» Collection entries:
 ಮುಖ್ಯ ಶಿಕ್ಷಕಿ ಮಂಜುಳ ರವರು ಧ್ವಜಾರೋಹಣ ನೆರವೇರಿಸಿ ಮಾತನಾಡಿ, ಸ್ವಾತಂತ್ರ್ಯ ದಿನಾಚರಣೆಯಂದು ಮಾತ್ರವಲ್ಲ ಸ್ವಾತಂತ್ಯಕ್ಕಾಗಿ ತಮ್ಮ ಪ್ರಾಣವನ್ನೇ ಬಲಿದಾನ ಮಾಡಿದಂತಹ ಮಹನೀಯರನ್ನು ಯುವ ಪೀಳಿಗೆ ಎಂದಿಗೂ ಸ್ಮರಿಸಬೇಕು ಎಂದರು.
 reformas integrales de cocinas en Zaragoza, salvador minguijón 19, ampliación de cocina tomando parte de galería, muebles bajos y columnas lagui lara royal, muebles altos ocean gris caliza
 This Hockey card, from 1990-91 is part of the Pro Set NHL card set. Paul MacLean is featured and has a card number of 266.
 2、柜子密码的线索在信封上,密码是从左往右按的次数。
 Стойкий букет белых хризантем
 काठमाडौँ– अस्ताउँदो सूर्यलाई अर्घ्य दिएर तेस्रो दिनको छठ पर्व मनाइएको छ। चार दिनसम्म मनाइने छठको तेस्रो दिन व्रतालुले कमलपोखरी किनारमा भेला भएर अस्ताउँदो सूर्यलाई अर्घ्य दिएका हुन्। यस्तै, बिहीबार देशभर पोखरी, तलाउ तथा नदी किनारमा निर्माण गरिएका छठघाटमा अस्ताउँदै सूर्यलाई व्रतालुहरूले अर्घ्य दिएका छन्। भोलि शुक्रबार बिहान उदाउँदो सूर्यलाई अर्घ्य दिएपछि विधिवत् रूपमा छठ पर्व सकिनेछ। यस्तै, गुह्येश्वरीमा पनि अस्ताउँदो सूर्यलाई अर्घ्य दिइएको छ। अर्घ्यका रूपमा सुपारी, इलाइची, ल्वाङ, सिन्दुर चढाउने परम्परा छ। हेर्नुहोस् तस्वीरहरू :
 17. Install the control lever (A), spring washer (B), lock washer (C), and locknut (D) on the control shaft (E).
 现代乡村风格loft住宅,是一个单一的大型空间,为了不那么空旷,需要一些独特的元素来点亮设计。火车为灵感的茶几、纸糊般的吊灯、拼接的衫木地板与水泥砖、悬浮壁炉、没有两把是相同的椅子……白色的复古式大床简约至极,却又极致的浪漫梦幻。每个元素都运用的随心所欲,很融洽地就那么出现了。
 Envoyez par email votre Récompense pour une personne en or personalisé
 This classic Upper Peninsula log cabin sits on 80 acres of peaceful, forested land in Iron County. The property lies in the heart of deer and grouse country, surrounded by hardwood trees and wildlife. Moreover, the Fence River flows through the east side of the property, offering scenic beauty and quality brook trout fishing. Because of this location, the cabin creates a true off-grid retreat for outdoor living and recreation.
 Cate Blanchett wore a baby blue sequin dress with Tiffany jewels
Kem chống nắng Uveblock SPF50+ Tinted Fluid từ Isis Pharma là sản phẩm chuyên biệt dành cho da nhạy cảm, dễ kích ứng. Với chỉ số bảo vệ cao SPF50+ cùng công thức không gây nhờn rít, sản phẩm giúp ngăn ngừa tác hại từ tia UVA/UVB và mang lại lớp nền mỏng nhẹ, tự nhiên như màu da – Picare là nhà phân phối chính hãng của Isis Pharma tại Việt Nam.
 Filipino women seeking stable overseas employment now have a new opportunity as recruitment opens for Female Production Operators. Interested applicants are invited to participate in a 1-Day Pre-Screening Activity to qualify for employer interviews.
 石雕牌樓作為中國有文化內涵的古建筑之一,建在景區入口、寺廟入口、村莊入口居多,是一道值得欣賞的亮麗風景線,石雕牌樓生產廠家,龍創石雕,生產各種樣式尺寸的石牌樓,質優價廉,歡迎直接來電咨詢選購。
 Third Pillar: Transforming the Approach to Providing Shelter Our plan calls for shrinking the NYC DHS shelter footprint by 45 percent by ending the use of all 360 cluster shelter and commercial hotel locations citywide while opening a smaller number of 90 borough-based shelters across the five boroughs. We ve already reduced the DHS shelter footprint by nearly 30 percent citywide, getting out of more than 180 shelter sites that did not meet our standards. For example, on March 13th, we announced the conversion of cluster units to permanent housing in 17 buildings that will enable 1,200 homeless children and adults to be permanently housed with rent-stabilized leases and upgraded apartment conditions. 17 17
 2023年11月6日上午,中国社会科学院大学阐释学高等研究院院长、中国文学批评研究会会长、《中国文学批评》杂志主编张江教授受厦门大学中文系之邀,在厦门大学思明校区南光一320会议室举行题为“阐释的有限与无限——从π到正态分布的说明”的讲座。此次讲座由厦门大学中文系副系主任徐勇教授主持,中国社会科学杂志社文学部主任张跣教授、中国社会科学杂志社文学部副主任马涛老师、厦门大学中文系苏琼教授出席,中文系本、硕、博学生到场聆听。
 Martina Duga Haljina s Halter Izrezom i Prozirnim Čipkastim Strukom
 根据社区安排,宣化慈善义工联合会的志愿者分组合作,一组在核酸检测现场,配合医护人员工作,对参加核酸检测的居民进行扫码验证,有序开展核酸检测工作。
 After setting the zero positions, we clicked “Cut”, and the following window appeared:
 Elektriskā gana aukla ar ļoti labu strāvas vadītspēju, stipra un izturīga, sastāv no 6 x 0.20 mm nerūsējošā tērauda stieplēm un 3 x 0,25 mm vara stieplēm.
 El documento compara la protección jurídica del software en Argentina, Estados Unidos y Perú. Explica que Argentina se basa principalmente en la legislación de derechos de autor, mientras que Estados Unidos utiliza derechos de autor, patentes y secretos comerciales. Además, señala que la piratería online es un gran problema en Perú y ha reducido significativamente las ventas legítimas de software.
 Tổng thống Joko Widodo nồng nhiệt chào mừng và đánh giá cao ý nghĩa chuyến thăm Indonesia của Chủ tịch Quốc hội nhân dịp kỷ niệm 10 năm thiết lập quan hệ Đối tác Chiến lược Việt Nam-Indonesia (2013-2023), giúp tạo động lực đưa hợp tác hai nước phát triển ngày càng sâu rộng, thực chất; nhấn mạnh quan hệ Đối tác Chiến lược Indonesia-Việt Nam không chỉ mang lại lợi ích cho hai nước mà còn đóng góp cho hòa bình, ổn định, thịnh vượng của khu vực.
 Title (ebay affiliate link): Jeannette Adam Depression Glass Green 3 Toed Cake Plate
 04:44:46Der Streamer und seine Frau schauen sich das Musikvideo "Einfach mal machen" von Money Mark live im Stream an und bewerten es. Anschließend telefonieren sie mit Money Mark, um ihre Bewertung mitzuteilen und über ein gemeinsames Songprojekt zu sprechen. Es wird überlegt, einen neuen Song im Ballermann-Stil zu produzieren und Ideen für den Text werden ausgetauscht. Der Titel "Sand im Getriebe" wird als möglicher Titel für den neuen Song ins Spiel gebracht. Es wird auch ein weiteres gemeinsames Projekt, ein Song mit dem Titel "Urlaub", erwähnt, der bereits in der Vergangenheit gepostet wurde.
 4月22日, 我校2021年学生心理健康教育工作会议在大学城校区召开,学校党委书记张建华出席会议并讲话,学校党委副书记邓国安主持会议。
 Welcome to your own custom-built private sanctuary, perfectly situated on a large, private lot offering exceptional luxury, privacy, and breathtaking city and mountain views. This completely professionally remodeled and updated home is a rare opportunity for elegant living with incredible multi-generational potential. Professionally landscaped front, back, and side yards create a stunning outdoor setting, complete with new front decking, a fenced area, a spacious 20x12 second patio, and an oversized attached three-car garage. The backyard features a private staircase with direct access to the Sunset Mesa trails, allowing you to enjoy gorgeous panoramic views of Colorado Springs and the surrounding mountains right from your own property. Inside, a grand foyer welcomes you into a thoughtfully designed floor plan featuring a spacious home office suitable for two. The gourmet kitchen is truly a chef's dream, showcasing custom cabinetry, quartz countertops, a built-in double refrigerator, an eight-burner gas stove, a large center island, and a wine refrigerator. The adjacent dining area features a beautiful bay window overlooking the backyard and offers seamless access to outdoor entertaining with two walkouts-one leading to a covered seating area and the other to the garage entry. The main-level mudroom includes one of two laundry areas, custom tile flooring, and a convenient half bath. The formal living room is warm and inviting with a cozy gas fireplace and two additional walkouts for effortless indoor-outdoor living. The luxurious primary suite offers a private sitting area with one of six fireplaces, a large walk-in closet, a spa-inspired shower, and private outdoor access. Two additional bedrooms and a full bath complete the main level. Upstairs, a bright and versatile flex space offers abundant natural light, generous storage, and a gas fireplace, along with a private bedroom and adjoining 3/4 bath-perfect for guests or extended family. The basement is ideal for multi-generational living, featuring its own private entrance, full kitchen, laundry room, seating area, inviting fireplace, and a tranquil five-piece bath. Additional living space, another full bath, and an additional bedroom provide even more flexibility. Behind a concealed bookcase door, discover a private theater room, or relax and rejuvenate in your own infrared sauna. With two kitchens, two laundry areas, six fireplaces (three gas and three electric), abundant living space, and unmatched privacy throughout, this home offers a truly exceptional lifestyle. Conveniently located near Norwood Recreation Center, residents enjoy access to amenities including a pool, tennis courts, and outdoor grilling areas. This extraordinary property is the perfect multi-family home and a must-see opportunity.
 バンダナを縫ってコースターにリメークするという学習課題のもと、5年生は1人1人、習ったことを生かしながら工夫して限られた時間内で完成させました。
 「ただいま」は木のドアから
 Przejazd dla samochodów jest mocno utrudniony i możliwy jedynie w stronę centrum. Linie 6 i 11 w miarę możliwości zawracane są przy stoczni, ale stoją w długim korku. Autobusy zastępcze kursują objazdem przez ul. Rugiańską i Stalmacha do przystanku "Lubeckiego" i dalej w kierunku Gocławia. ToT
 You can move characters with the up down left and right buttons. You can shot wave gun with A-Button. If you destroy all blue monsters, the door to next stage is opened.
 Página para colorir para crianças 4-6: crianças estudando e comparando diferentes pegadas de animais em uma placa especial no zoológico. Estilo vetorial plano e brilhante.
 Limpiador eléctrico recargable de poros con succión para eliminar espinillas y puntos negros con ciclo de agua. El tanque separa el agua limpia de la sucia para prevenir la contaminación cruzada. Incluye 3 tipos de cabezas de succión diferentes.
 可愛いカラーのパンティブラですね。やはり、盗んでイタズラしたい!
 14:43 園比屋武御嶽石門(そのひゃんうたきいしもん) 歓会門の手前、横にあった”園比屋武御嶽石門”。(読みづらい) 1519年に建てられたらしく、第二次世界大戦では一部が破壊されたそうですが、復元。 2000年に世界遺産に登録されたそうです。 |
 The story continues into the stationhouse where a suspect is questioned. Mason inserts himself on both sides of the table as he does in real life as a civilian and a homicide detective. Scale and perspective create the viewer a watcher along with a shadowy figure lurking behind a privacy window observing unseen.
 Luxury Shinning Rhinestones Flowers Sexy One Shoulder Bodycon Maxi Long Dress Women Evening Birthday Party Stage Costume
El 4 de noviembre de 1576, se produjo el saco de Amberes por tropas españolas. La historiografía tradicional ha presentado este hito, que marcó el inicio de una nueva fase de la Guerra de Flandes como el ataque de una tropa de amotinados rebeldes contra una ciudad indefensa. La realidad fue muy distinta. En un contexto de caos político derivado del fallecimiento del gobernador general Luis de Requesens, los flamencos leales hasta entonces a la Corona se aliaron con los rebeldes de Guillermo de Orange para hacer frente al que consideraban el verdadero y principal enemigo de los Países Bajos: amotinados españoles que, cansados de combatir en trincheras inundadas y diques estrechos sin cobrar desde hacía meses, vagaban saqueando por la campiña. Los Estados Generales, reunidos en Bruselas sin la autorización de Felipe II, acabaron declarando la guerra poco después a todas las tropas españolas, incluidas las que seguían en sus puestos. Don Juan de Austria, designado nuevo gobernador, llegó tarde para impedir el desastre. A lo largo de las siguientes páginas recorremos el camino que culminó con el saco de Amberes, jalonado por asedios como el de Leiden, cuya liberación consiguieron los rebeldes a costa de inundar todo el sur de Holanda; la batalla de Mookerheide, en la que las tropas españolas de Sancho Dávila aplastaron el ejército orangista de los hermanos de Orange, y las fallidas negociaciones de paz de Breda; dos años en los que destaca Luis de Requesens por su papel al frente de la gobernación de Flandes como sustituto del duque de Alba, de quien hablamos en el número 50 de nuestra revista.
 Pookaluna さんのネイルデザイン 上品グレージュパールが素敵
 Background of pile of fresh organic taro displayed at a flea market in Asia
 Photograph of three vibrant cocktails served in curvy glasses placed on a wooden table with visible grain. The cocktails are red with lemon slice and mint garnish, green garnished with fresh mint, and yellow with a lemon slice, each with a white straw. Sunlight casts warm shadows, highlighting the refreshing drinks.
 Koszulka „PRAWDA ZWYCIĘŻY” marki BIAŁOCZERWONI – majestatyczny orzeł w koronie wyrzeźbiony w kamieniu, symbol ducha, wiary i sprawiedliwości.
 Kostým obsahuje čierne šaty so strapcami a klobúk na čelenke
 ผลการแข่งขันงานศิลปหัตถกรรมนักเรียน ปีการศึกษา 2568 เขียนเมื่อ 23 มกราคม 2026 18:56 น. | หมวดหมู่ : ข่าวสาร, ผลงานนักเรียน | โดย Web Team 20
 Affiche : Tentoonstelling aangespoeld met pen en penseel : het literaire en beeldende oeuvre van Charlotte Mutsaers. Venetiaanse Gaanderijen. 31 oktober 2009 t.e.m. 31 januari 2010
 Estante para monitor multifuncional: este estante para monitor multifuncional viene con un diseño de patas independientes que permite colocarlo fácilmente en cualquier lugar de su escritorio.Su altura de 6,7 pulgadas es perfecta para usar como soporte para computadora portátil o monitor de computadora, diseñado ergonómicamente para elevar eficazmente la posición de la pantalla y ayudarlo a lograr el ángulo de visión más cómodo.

» Work to complete: Would you state how many lines of the data above hold the string "blue"? Reply with the number alone.

» Answer space: 2